- **TASK DESCRIPTION**
Omitting the pictures, print every line below exactly as it stands.

- **DATA SEGMENT**
━━━

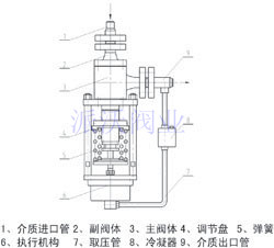 氣(qì)體或蒸汽介質以箭頭方向(若是液體則流動方向相反(fǎn))進入閥體,通過閥座,閥芯多級減壓後經出口流出,減壓後(hòu)的壓力經閥後接管經冷凝 器被引到執行(háng)機構中活塞下麵,壓力對於執行機構的(de)作用所產生的向上的推力由相(xiàng)反方向的彈簧(huáng)的彈力加以平衡。當被減壓的介質壓力(lì)發生變化時,就破壞了這種平衡(héng)關係,閥芯移動(dòng)直至向上的推力和彈簧力恢複平衡為止。它總能使閥後壓力向用戶設定值靠攏。
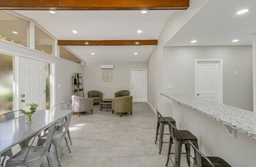 Unit #4 is a private unit with a Queen Bed, kitchenette with hot & cold water in sink, convection countertop microwave, mini-fridge, black-out curtains, streaming TV, walk-in closet nightstand and dresser. This unit's en-suite private full bathroom has a shower, individually controlled mini-split A/C. This unit has a private exterior door to the covered carport. Keyed lock on bedroom door and the door to the hallway shared with Unit #3 for additional privacy.
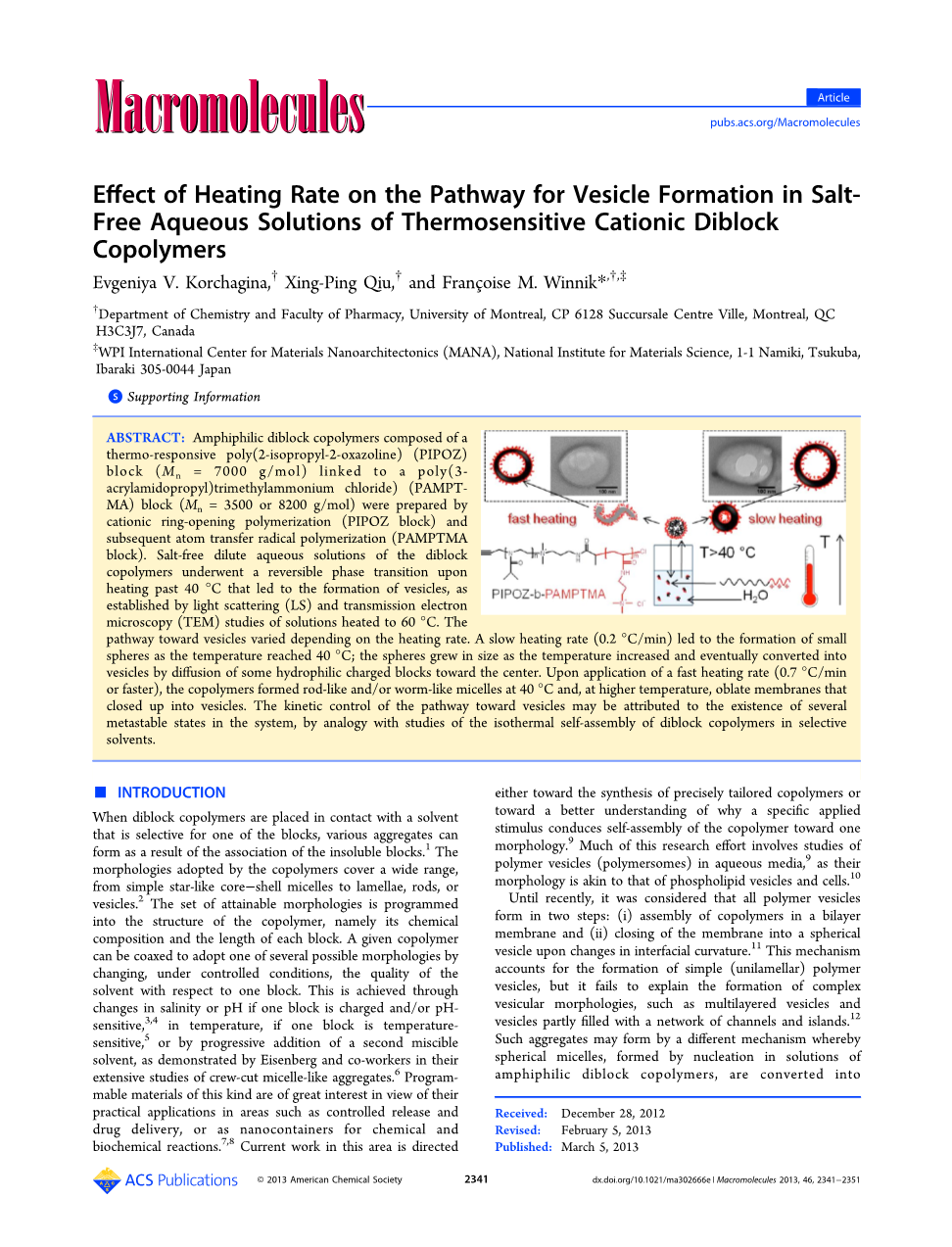 Evgeniya V. Korchagina,dagger; Xing-Ping Qiu,dagger; and Françoise M. Winnik*,dagger;,Dagger;

━━━

- **RESPONSE**
 氣(qì)體或蒸汽介質以箭頭方向(若是液體則流動方向相反(fǎn))進入閥體,通過閥座,閥芯多級減壓後經出口流出,減壓後(hòu)的壓力經閥後接管經冷凝 器被引到執行(háng)機構中活塞下麵,壓力對於執行機構的(de)作用所產生的向上的推力由相(xiàng)反方向的彈簧(huáng)的彈力加以平衡。當被減壓的介質壓力(lì)發生變化時,就破壞了這種平衡(héng)關係,閥芯移動(dòng)直至向上的推力和彈簧力恢複平衡為止。它總能使閥後壓力向用戶設定值靠攏。
 Unit #4 is a private unit with a Queen Bed, kitchenette with hot & cold water in sink, convection countertop microwave, mini-fridge, black-out curtains, streaming TV, walk-in closet nightstand and dresser. This unit's en-suite private full bathroom has a shower, individually controlled mini-split A/C. This unit has a private exterior door to the covered carport. Keyed lock on bedroom door and the door to the hallway shared with Unit #3 for additional privacy.
 Evgeniya V. Korchagina,dagger; Xing-Ping Qiu,dagger; and Françoise M. Winnik*,dagger;,Dagger;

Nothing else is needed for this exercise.